I’ve discussed Ashley Madison on two prior occasions.  By all appearances, it’s a a dating service people actually use, and it has money to throw around.  For the uninitiated, Ashley Madison is a paid dating website that pairs married men with married women, so that they may cheat on their respective spouses with one another under the safety umbrella of mutually assured marital destruction.  Unsurprisingly, it was started by a former lawyer.  Kudos to you, good sir.

The stroke of brilliance that led to Ashley Madison’s success is now evident in its marketing.  A recent advertisement that has the whiners at Jezebel all up in a huff shows a corpulent woman in revealing clothing, asking “did your wife SCARE you last night?”  If so, the natural conclusion is to join Ashley Madison and cheat.

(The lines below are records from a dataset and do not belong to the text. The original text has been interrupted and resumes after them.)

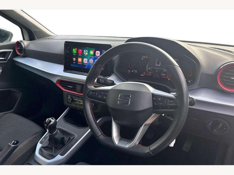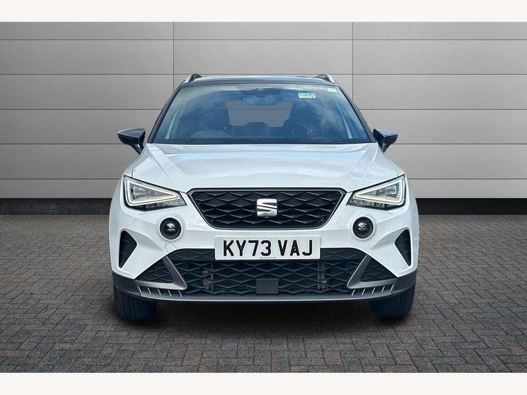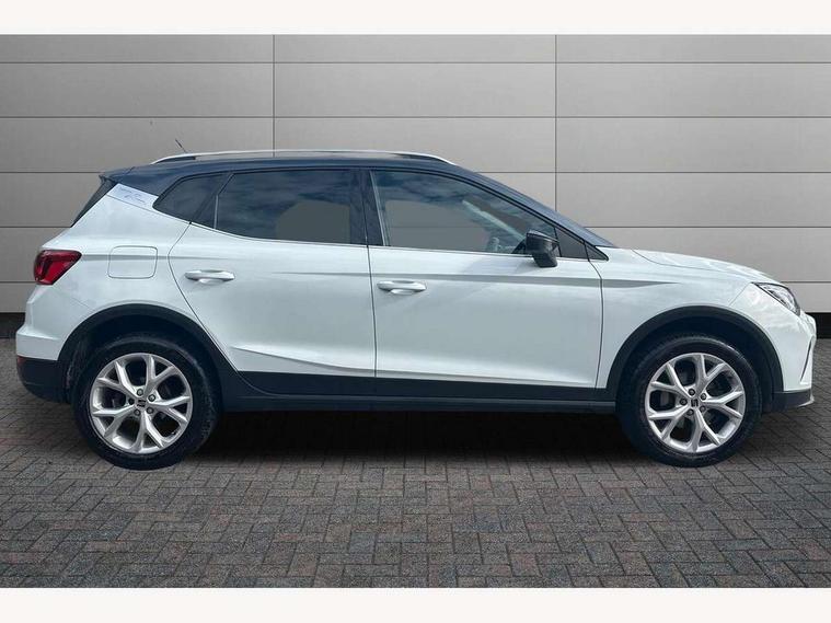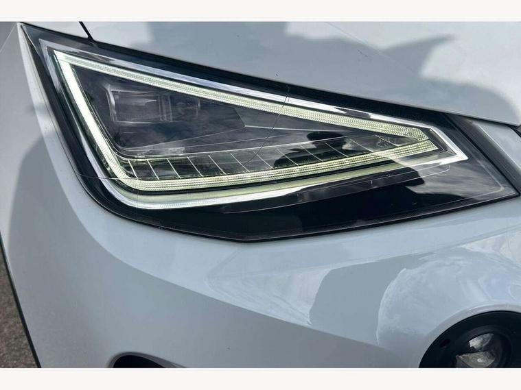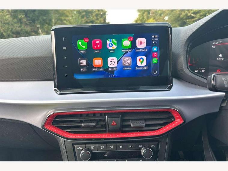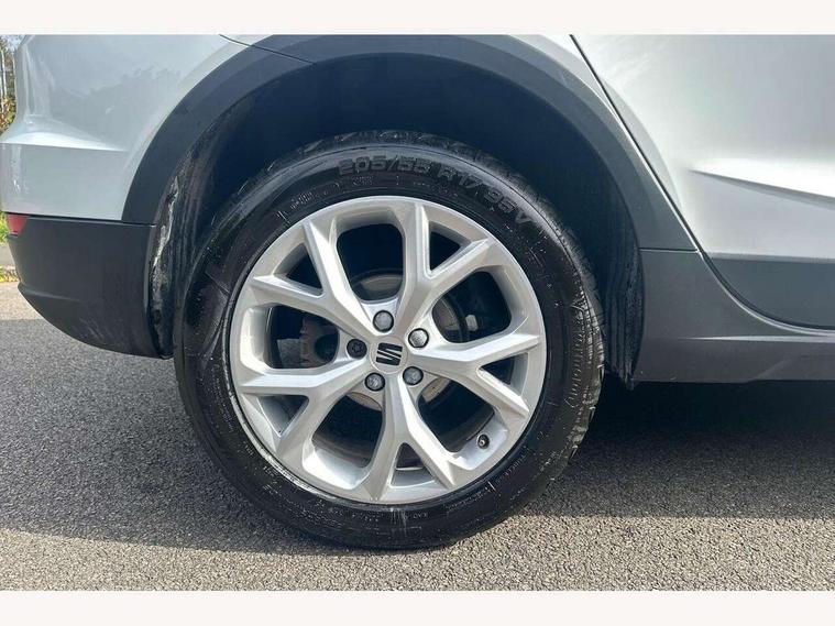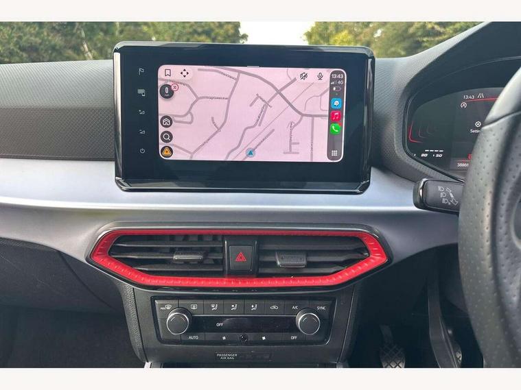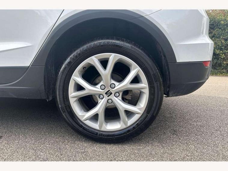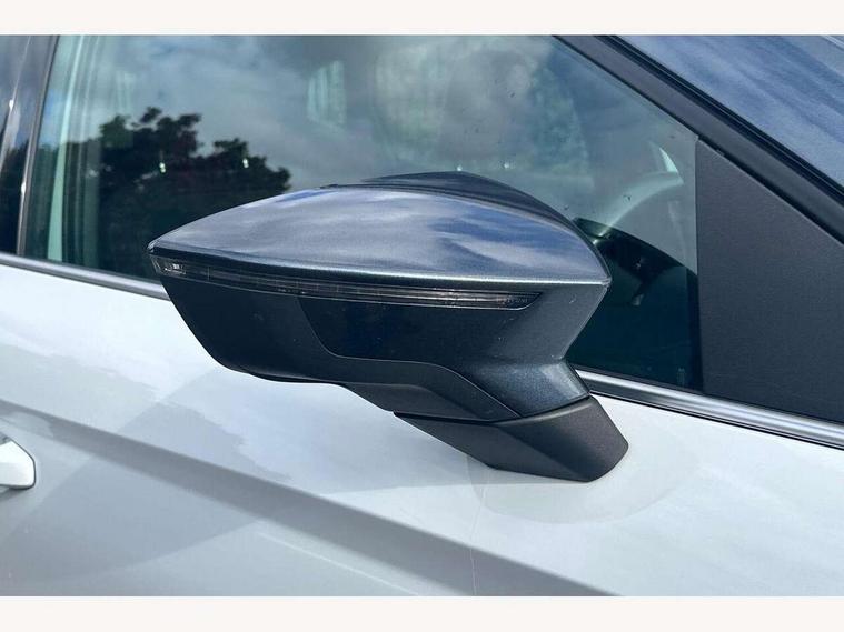 'Lights On' Reminder warning buzzer, 8" Digital cockpit, Digital clock, E-call, Electric speed sensitive power steering, Full Link Smartphone Integration with Mirror Link, Apple Car Play, Google Android Auto with USB Type C cable for Apple and Android compatibility, Lane keeping system, Low fuel warning light, Outside temperature display, Rear parking sensor, RPM counter, Seat connect with safety, service, remote and online, SEAT Drive profile - Four different models normal-sport-eco-individual, steering response, throttle response, Trip computer, Wireless phone charger, 9.2" colour touchscreen with navigation system, voice control and USB port (type c), Bluetooth interface for hands free and audio streaming, DAB digital radio and AM/FM radio, Steering wheel mounted audio controls, Anti theft roof antenna, Auto dimming interior rear view mirror, Automatic activation of hazard warning lights, Body coloured bumpers, Body coloured door handle inserts, Chrome roof rails and window surrounds, Dark tinted rear windows, Electric front/rear windows, Electrically adjustable, heated and folding door mirrors, Front fog lights with cornering function and rear fog light, FULL LED automatic headlights with dynamic headlight range control, coming and leaving home, LED daytime running lights, LED rear tail lights and licence plate lights, Protective side mouldings, Rain sensing wipers, Rear side wing doors, Rear spoiler, Rear window wash/wipe, Roof colour door mirrors, Third brake light, Twin exhaust pipe styling hidden exhaust pipe, Visible VIN plate, Windshield wiper with intermittent control and potentiometer, 2 cupholders, 3 seat bench in 2nd row, 60/40 split folding rear seat, Aircare filter, Black interior roof, Cloth upholstery, Double boot floor, Driver sunvisor with covered mirror + card holder, Dual zone climate control, Front courtesy light with front reading lights, Front sport seats, Gear shift indicator, Height adjustable front seats, Height/reach adjustable steering column, Illuminated boot, Instrument lighting with brightness control, Interior ambient lighting, Interior light in footwell, central console and door panel, ISOFIX points in outer rear seats with top tether anchorage points, Passenger sunvisor with vanity mirror, Perforated flat bottomed leather steering wheel/gear knob/handbrake with red stitching and FR logo, Single front passenger seat, Two front and three rear height adjustable headrests, Interior chrome pack - Arona, 3 point seatbelts on all rear seats, ABS, Active front headrests, Child locks on rear doors, Driver and front passenger airbags with front passenger airbag de activation, front side and curtain airbags, Electronic stability control, Emergency Brake Assist (EBA) and front assist, Front and rear seatbelt reminder, Hill hold control, Multi-Collision braking, Tiredness recognition system, Traction control, Tyre pressure monitoring system, Alarm with back-up horn, Electronic engine immobiliser, Locking wheel bolts, Remote central locking + deadlocks, Tow away protection, Titan black dashboard, 17" Dynamic alloy wheels,
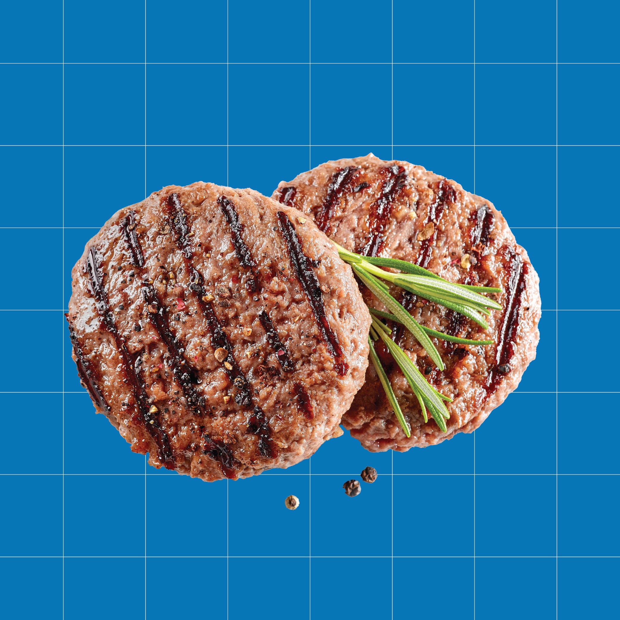 حطي برجر نقي الجاهز وسيبيه ٣–٤ دقايق لكل جنب لحد ما يتحمّر ويتقفل كويس.
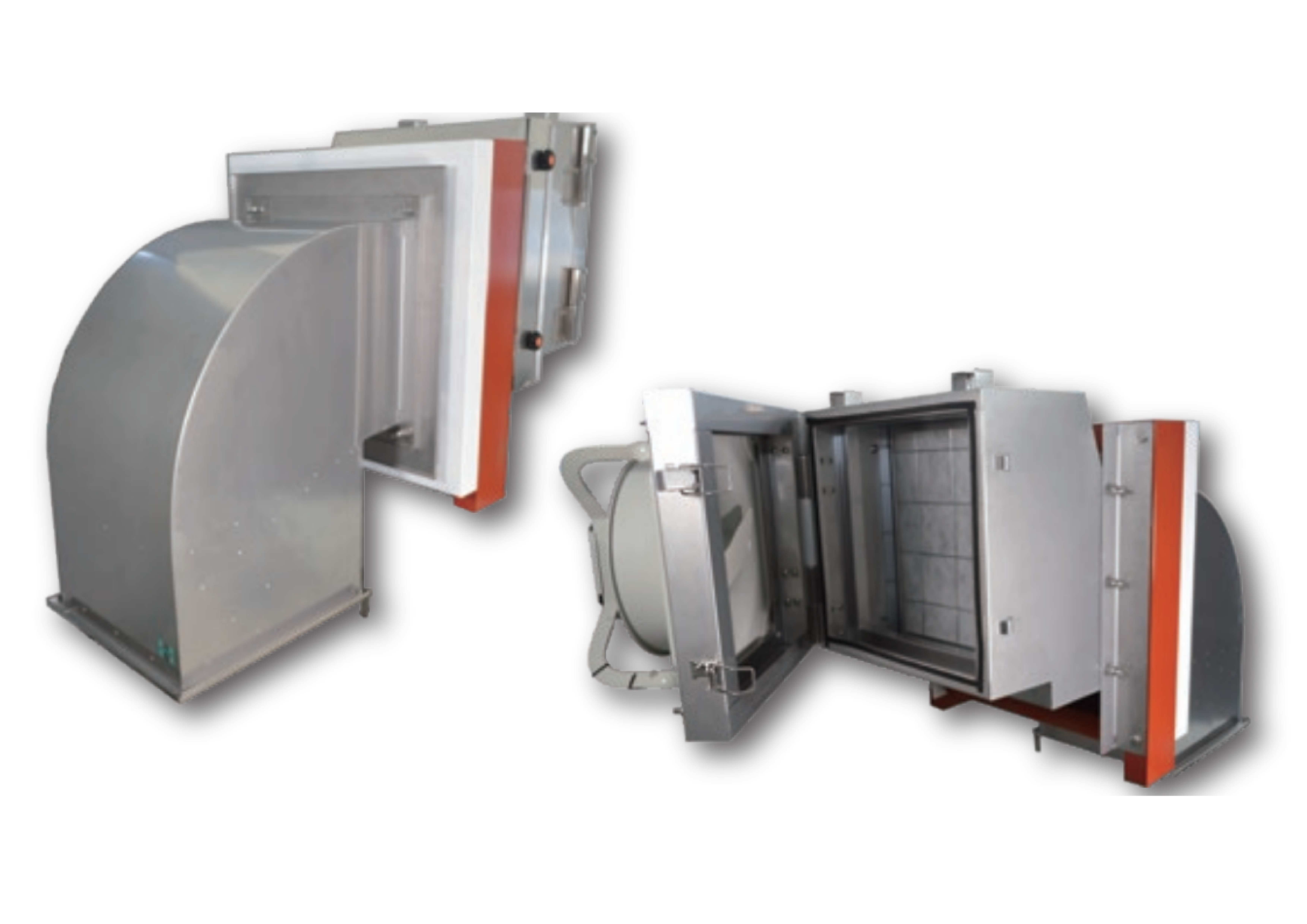 「有圧扇取付枠(有圧換気扇用枠)」とは、工場や倉庫などの外壁にウェザーカバー、屋内側に有圧換気扇を設置する際に、壁と有圧換気扇を確実に固定し、安定させるためのスリーブ枠です。有圧換気扇側をキャッチクリップ式の点検窓(扉)にし、開閉が可能になり取付枠、ウェザーカバー内部を屋内側から点検が可能です。フィルター内臓で溶接一体型のため、現場での組立が不要になり、勾配や段差を付けることで漏水のリスクを削減しました。
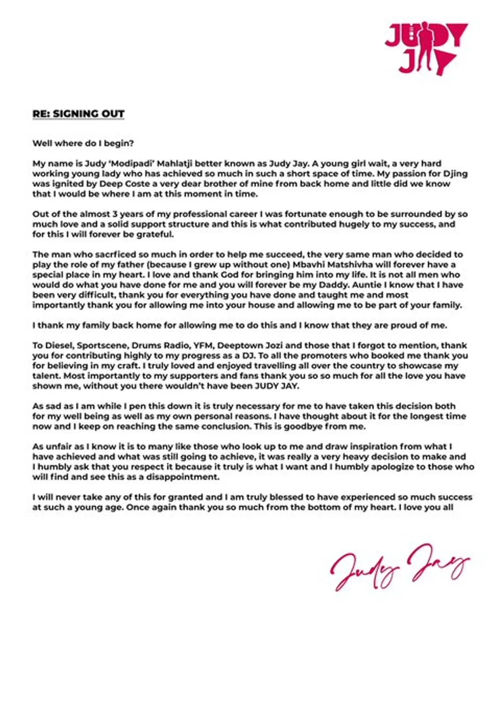 On Monday morning, Jay, whose real name is Judy Mahlatji, released a statement to announce her exit as a DJ.
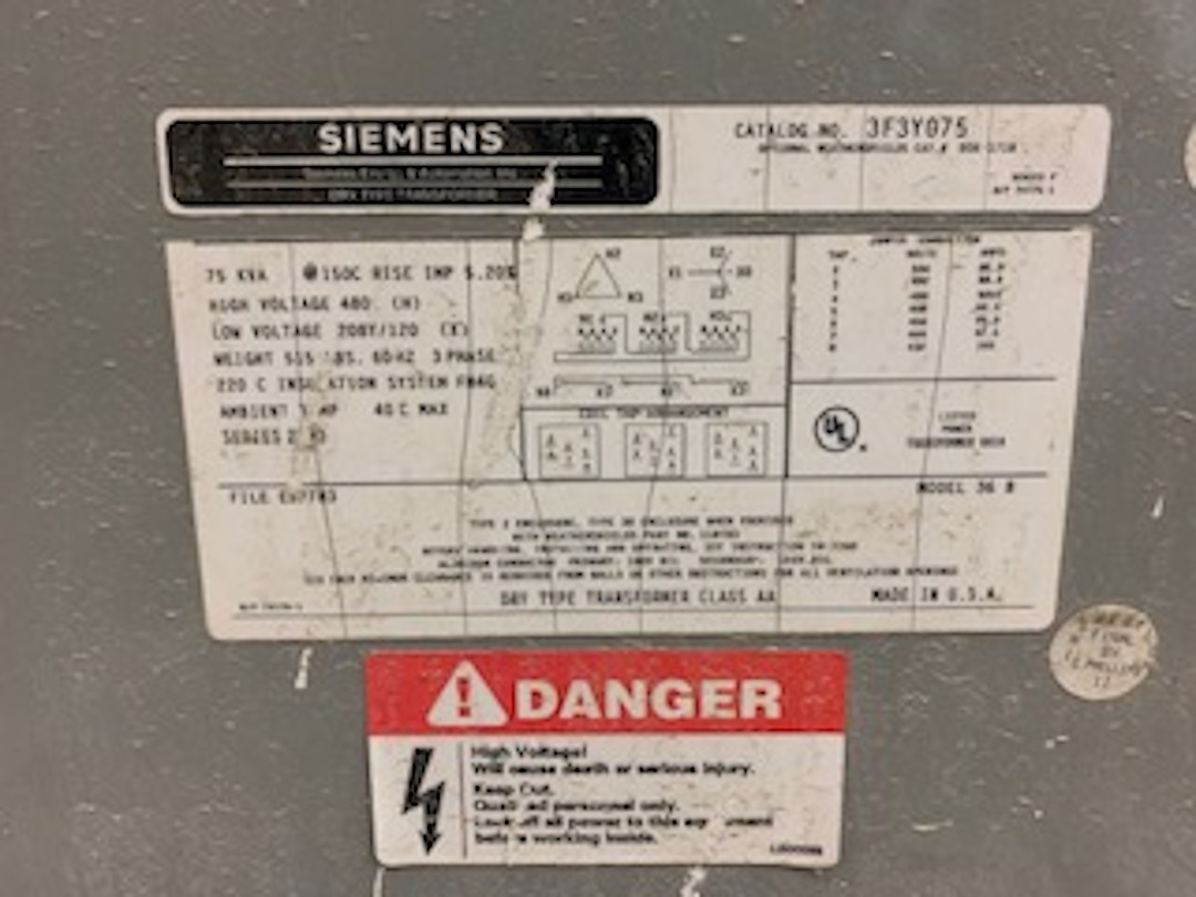 1 - PREOWNED SIEMENS TRANSFORMER, MODEL #: 36B, SERIES: 2093, CATALOG #: 3F3Y075
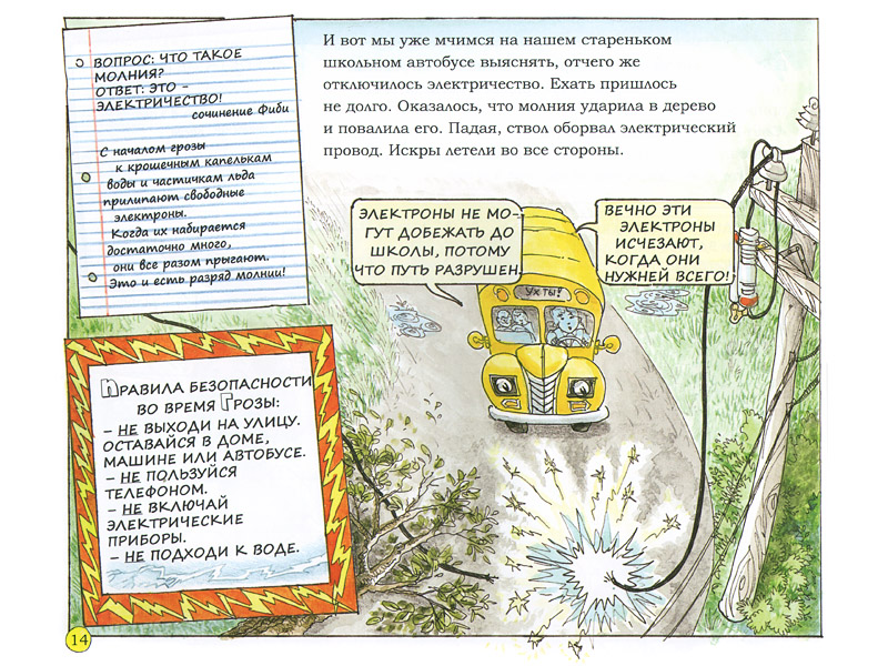 На книжках-картинках о захватывающих «автобусных» экскурсиях под руководством всезнающей учительницы мисс Кудряшки выросло не одно поколение американских детей. И вот теперь, благодаря издательству «Карьера-пресс», волшебный автобус доехал, наконец, до российских просторов и его герои заговорили о самых разных естественнонаучных явлениях на русском языке. В «автобусную» серию входит десять книжек, и каждая из них достойна того, чтобы говорить о ней отдельно. Но поскольку во всех книгах действуют одни и те же персонажи, структура в них одна и та же и принципы изложения материала одни и те же, то правильно будет представить сразу всю серию. А ребенку и родителю предоставить возможность выбирать наиболее интересные для себя темы. Хотя сделать выбор будет, конечно, непросто.
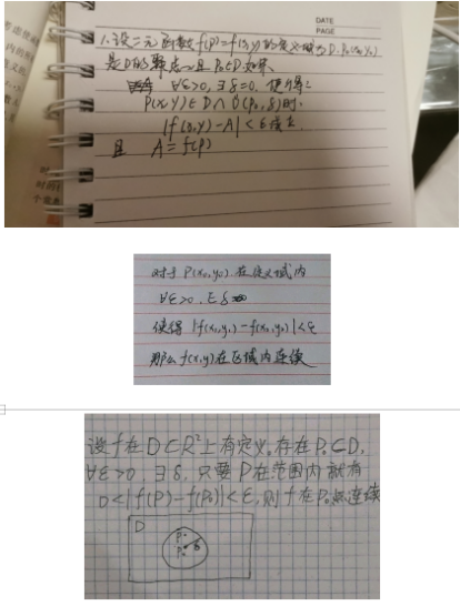 谭老师在课堂上布置讨论任务“怎么用语言描述二元函数的连续性?”,展示同学们有代表性的回复答案,逐一进行分析,指出错误之处,加强对知识点的掌握及二次认识。
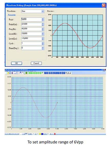 - Since the amplitude representation of the PC software is directly calculated in 16bit points, the range +32,767 ~ -32,767 corresponds to 10Vpp (+5V ~ -5V), then:
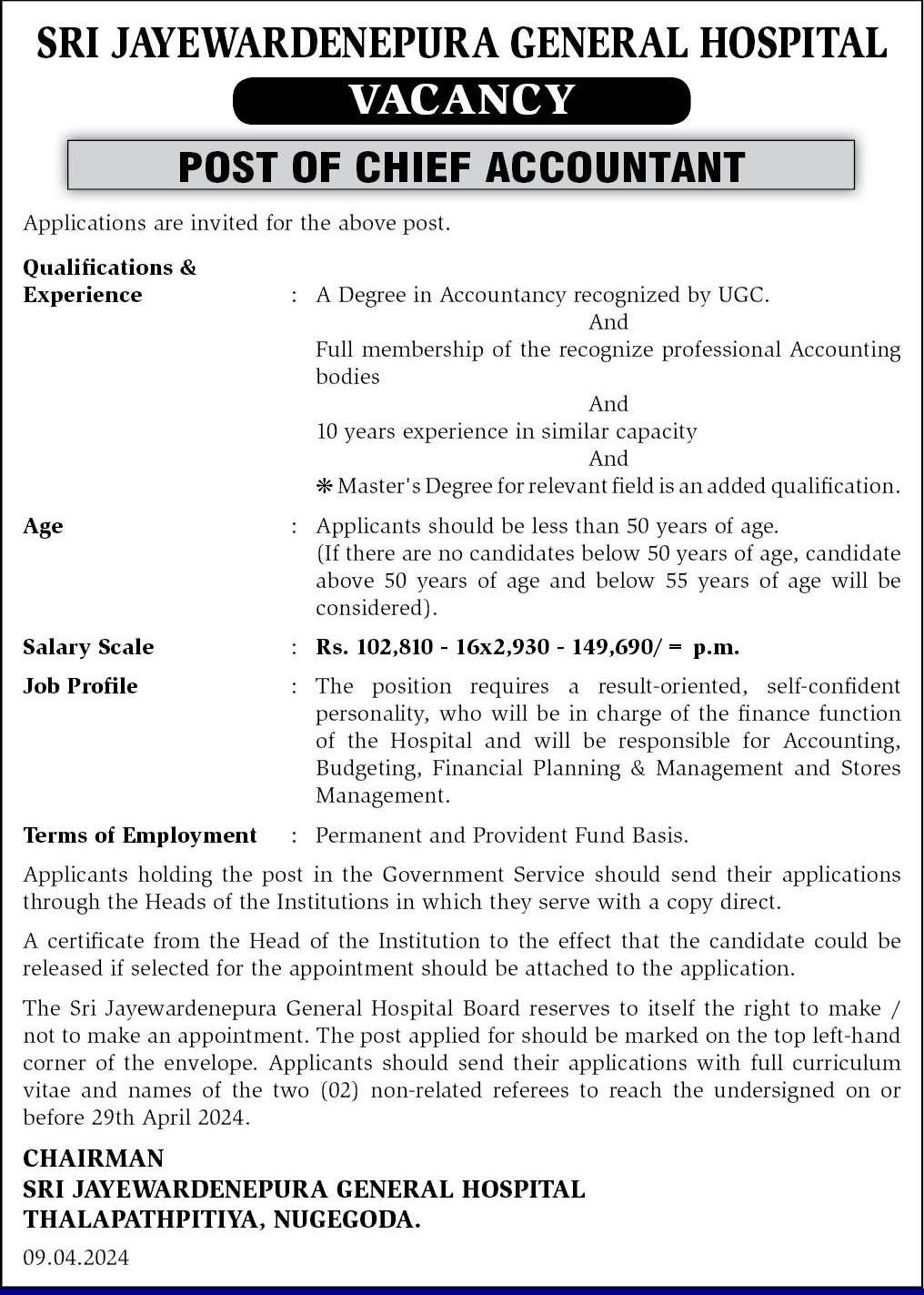 Chief Accountant - Sri Jayewardenepura General Hospital
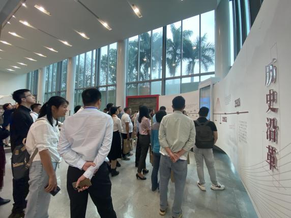 校史馆融入了现代化技术进行内容呈现,打造沉浸式的智慧体验场景,实现科技与人文的高度融合,数字冰屏技术将建筑幕墙秒变传媒大屏、曲幕长卷及数字沙盘技术演绎烽火播迁的办学故事、创新性裸眼3D互动魔方全面展现华工员工的群像故事,给学员们带来了生动的参观体验。校史馆还特别设置时光留影机,通过切换不同年代的服饰、不同年代的校园建筑背景,带领体验者感受青春年华,领略华园风光。学员们都跃跃欲试“摆好pose”,在时光留影机前合成专属校园影像,留下美好回忆。

In a country where the majority of divorces are initiated by women, who are then entitled to lavish amounts of alimony and child support – which does not necessarily even go to the child – a rational man should be scared of his wife every night. (And day, for that matter.)  A woman will cheat on or divorce a man if his earning power drops, or even if she has some nebulous Eat-Pray-Love experience where she no longer “feels” an emotional bond for her spouse – why not cheat if she’s done something that concretely diminishes your attraction to her, such as gaining 200 pounds?

I’m not necessarily advocating adultery.  What I am saying, however, is that I can understand why cheating would make sense, as opposed to “manning up” and just filing for divorce, in light of materially changed circumstances and the prevailing misandrist legal climate.  A woman’s looks to a man are what a man’s intelligence, charisma, earning potential, social status, looks and “confidence” are, combined, to a woman.  Suddenly male aversion to a fat wife isn’t so shocking.

In all, this is good advertising.  My friends in that field probably are angry that they didn’t come up with the idea first.  It’s subversive and offensive because it embraces reality.  Woe unto its detractors.